Exactly the lines from the one containing "12PCS Christmas Artificial" through the one containing "Évier de camping" in the listing below are to be copied, with the pictures left out.

> [DATA EXTRACT]:
● ● ●
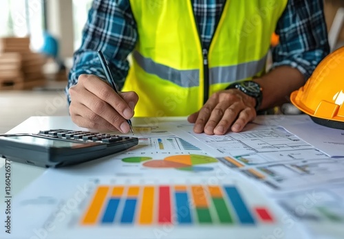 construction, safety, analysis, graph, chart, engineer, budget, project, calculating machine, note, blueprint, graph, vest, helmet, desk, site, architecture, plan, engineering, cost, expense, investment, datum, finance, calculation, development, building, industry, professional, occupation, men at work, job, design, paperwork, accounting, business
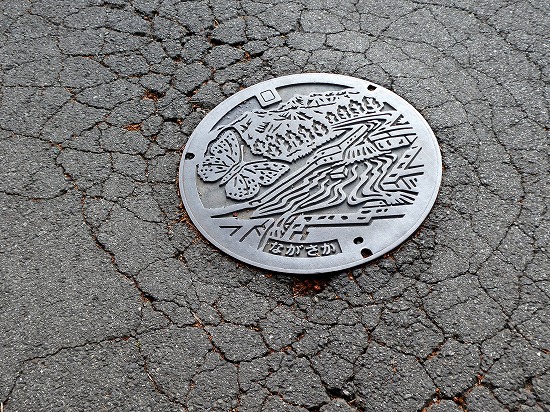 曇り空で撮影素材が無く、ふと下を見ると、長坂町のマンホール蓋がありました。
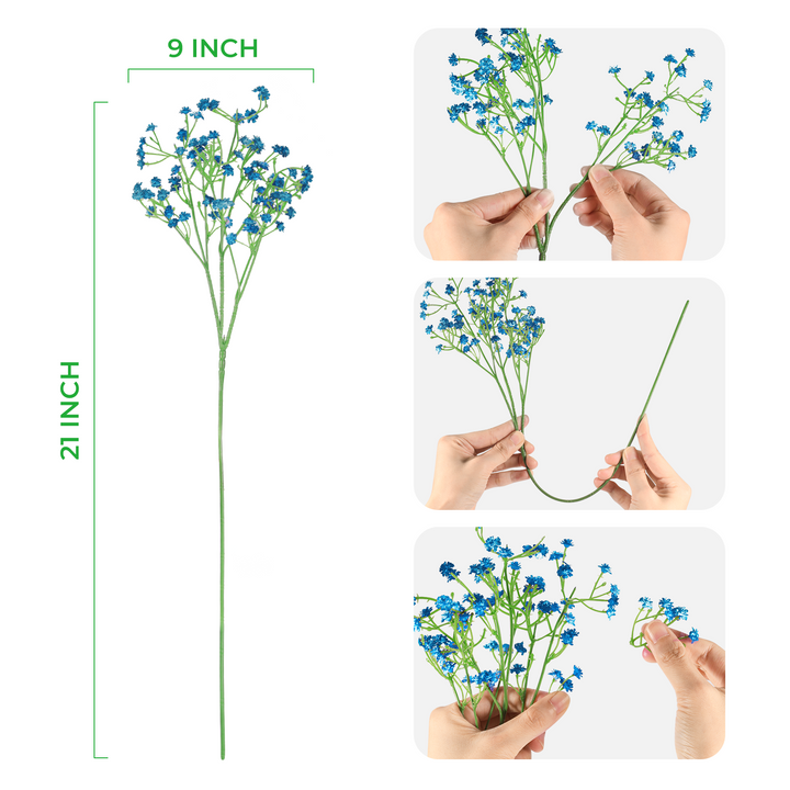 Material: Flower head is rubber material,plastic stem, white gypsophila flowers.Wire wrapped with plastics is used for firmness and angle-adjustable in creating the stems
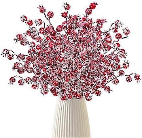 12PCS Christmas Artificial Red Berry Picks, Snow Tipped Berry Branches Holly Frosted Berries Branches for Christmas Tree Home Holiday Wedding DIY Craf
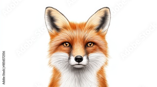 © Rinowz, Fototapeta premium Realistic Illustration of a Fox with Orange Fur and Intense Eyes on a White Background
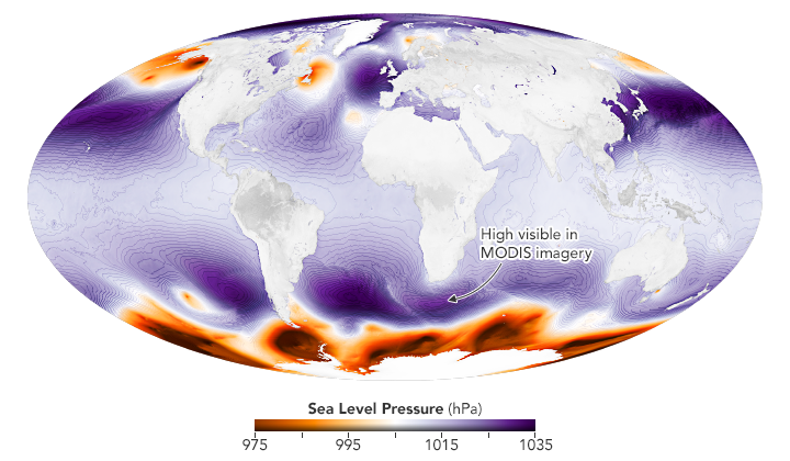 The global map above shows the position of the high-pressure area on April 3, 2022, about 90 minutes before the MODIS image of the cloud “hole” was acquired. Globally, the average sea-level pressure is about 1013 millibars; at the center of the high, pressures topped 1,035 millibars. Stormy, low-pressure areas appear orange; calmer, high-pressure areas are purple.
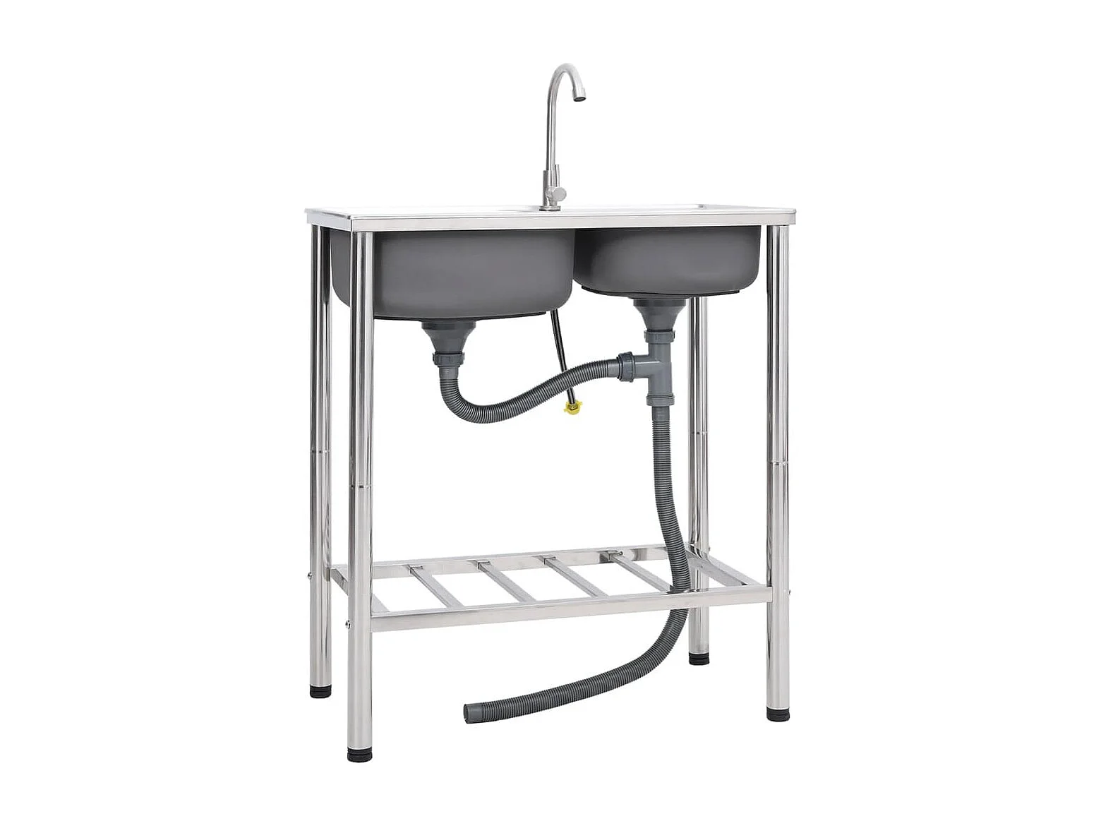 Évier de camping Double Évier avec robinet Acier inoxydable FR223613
● ● ●
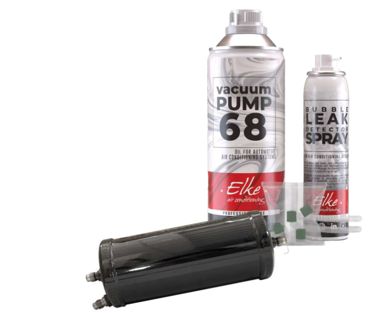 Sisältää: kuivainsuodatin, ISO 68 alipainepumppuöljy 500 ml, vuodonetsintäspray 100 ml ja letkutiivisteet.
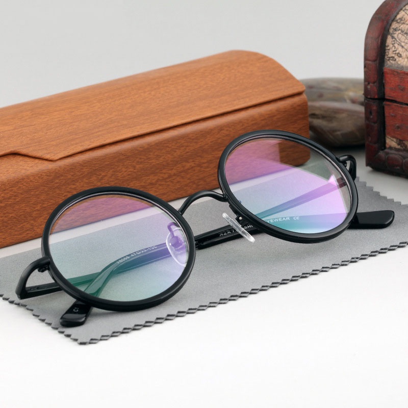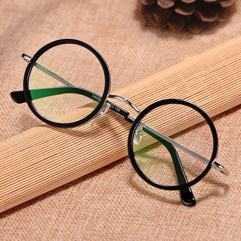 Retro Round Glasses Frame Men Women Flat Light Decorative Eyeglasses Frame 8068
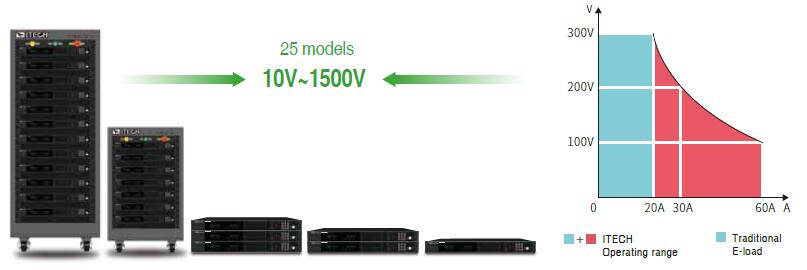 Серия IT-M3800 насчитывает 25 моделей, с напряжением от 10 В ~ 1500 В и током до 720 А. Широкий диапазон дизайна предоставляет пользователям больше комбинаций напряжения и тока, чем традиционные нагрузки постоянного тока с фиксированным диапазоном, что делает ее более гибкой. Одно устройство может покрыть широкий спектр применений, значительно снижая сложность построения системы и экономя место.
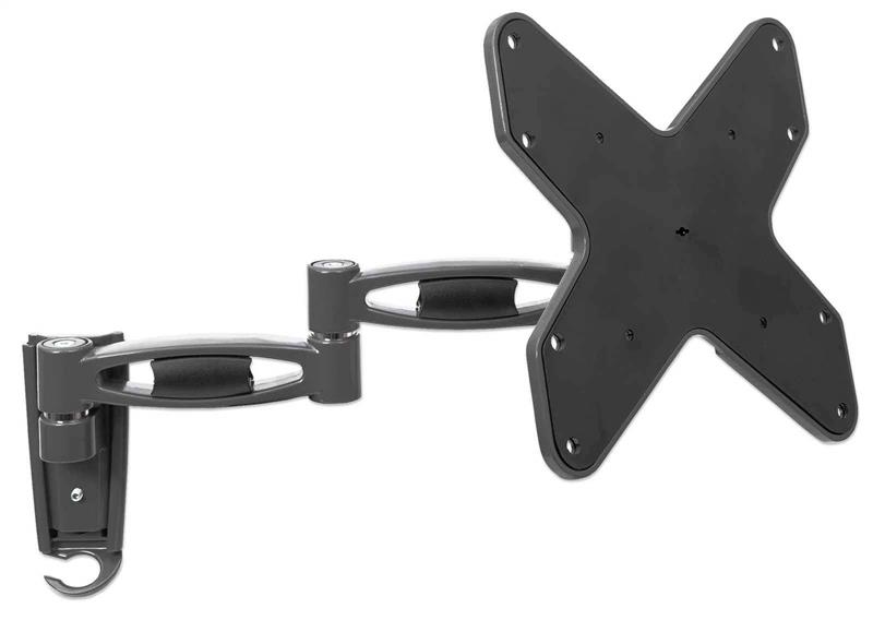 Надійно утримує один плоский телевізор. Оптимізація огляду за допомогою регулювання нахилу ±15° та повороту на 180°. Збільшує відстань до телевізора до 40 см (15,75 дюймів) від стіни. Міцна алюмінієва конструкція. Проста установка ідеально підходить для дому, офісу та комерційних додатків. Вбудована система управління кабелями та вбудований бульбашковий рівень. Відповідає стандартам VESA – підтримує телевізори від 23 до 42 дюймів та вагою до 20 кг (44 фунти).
● ● ●
> [EXERCISE RESULT]:
 12PCS Christmas Artificial Red Berry Picks, Snow Tipped Berry Branches Holly Frosted Berries Branches for Christmas Tree Home Holiday Wedding DIY Craf
 © Rinowz, Fototapeta premium Realistic Illustration of a Fox with Orange Fur and Intense Eyes on a White Background
 The global map above shows the position of the high-pressure area on April 3, 2022, about 90 minutes before the MODIS image of the cloud “hole” was acquired. Globally, the average sea-level pressure is about 1013 millibars; at the center of the high, pressures topped 1,035 millibars. Stormy, low-pressure areas appear orange; calmer, high-pressure areas are purple.
 Évier de camping Double Évier avec robinet Acier inoxydable FR223613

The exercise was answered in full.